Monthly Archives: July 2017

How Installment Loan Lenders Qualify Borrowers Who are Self-Employed

Installment loan lenders usually have a stricter application process for those who are self-employed. For people who get employed, they only need to show 3 months of a paystub. The difference between borrowers who are employed and borrowers who are self-employed is that those who are employed have a stable income.

For self-employed borrowers, their monthly income can fluctuate so the lender has the lesser assurance of your income level. This is why you need to submit more paperwork as income proof if you are a self-employed. The purpose of the lender requiring you to submit more paperwork is to determine whether you have a reliable income.

If you are someone who earns a living as a self-employed, you should prepare at least 2 years of income proof. They will calculate your average annual income by dividing the total of the annual income of the two years by two.
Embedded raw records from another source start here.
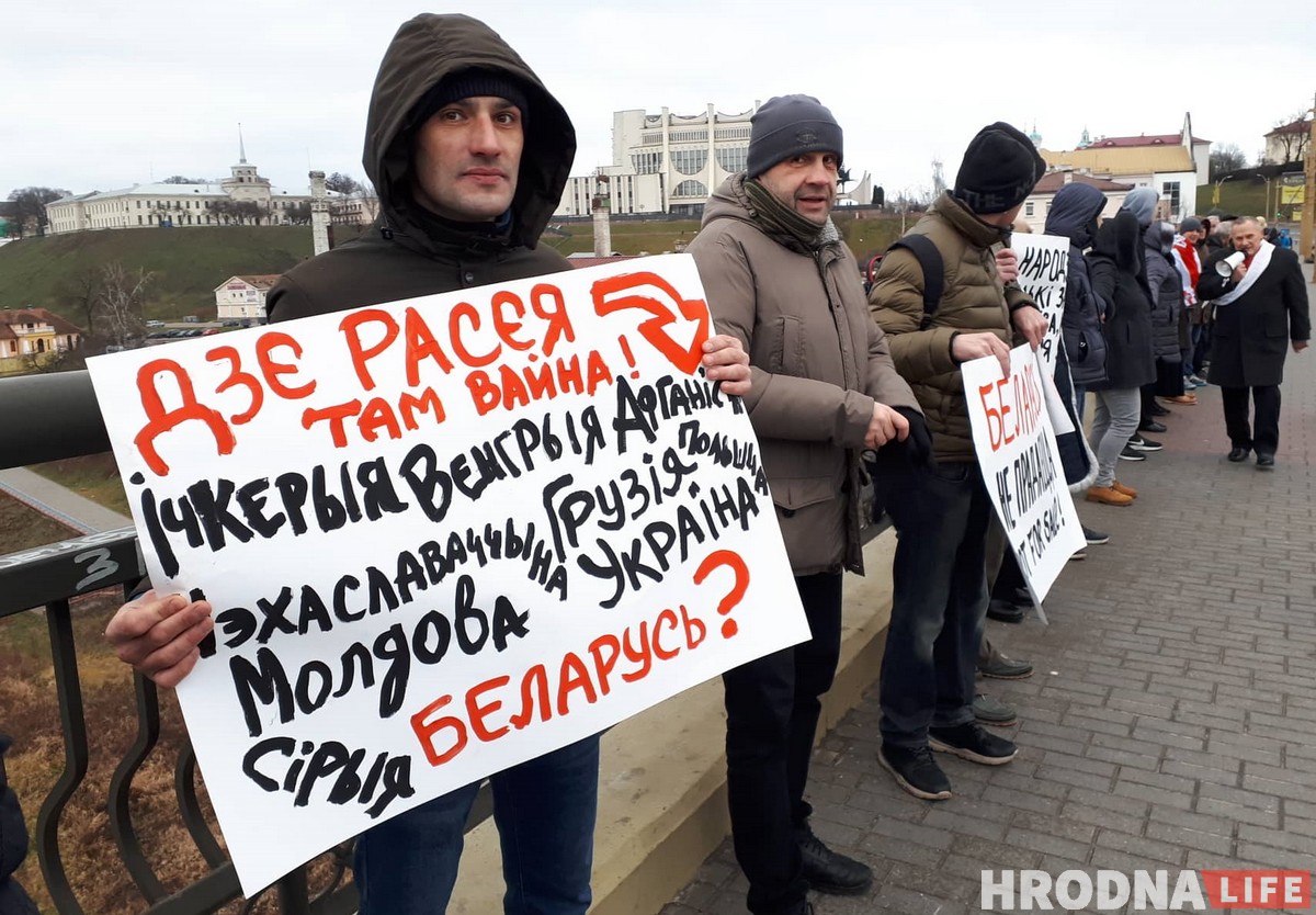 Около 70 человек собралось в 15.00 на Старом мосту в Гродно, чтобы выразить свое несогласие с «углубленной интеграцией» Беларуси и России, в результате которой Беларусь может потерять независимость.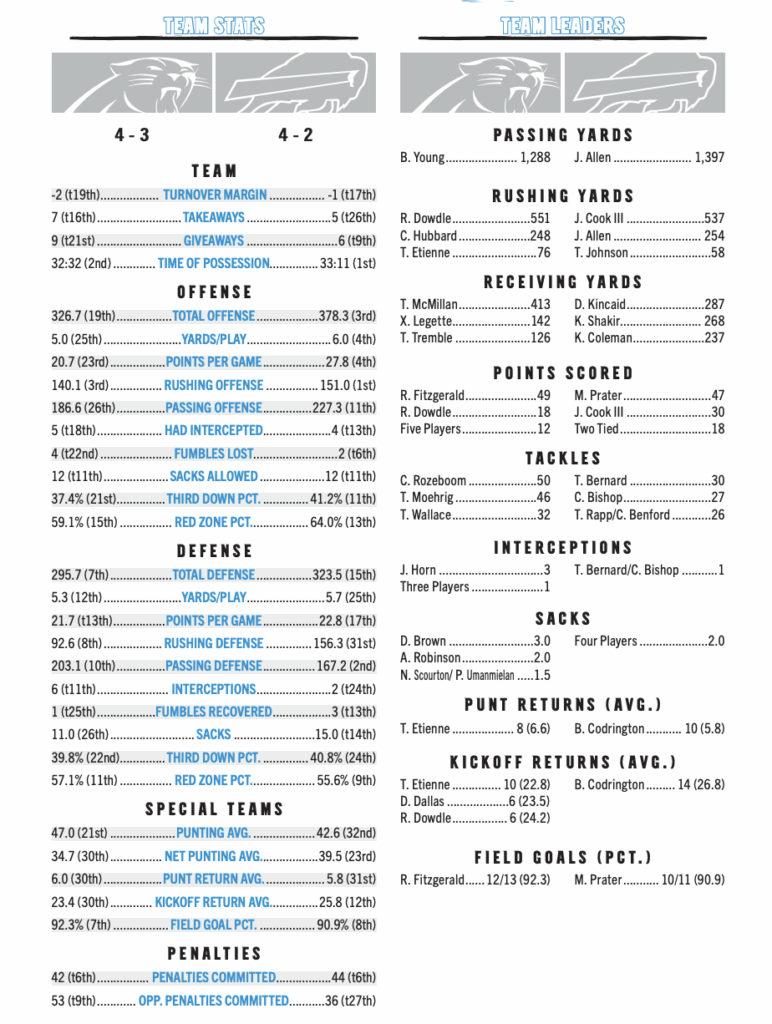 Buffalo travels to Carolina following their Week 7 Bye. As a starter, Buffalo QB Josh Allen is 7-0 following a Bye Week, with his team outscoring opponents by an average of nearly 11 points per game. In Buffaloās last visit to Carolina, they were held to three points in a Panthers 9-3 win (09/17/17), tied for the second-fewest points ever allowed by the Panthers to an AFC opponent.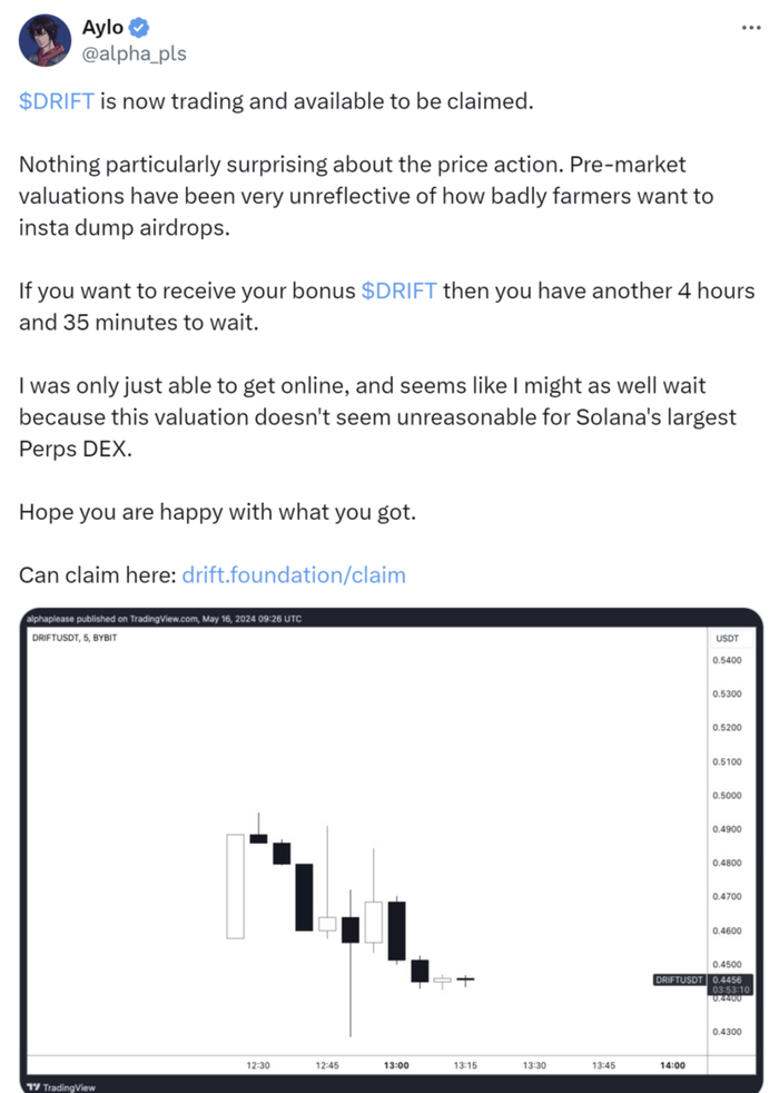 近期,不少项目在牛市中完成空投。虽然这些代币在发行后最初价值飙升,但趋势是它们立即抛售,因为用户将其出售以获得更安全的资产。这进一步强化了积分只是风险较高资产的收益率的想法。它还加剧了一个问题,即这些代币在大规模风险投资的支持下以数十亿美元的估值发行,当一个代币已经发行到接近其公允价值甚至被高估时,散户投资者就没有获利的空间,因此,围绕代币的真正社区也无处可寻。

For example, if you earn $60,000 in the first year and $80,000 in the second year, they will record down your average annual income as $70,000 even though you may be earning more this year.
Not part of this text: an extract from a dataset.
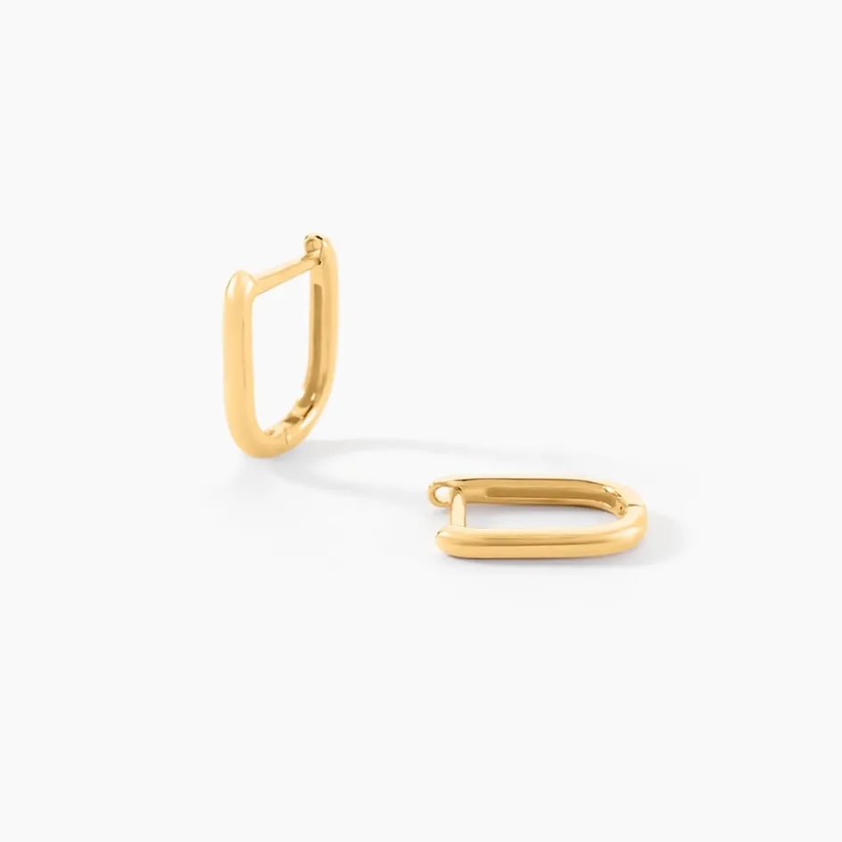 Creoles Or Jaune 375/1000 Rectangle Fil Rond Longueur 9mm Largeur 7mm Et Epaisseur De Fil 1.6mm

Some of the income proof that they usually require from self-employed applicants are income tax returns, profit and loss statement, deposited checks, and bank account statement. When you apply for the loan, you are authorizing the lender to obtain the tax return from the IRS. It is important that you submit copies of the paperwork together in neat sequence. If you have good documentation records, the application process will be smooth and they will soon approve your loan.

The lender will put emphasis on the net income instead of the gross income you earn. The net income is the gross income minus all the expenses of your online business. Some self-employed borrowers may feel frustrated about having to file complicated paperwork but these policies are designed to protect the borrowers. The lender does not want to extend the loan to risky borrowers and their aim of setting up the complicated procedure is to ensure that they are able to afford to make the monthly repayment.
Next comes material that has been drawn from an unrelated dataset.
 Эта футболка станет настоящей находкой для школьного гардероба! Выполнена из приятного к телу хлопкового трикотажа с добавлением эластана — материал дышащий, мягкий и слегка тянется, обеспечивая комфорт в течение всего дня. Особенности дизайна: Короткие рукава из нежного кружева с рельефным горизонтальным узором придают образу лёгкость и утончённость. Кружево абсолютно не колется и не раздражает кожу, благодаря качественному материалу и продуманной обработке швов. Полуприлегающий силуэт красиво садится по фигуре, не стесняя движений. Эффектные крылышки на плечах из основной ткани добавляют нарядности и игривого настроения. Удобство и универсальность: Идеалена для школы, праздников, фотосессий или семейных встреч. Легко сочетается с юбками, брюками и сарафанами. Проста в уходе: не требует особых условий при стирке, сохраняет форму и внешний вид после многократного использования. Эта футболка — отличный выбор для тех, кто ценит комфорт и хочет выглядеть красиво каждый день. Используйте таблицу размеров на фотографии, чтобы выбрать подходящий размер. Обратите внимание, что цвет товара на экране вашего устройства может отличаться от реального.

The requirement for applying a personal loan is different than the requirement for a business loan. For a personal loan, the loan approval decision is based primarily on the income tax return. If you are applying for a business loan, they will check your business to see if it is making or losing money. If you are planning to get a loan, you should always document all your financial history.

It can be hard to obtain a loan if you are self-employed for less than 2 years. When you are submitting a loan application, make sure your credit score is accurate. If you can put down more down payments, you might be able to get approved faster.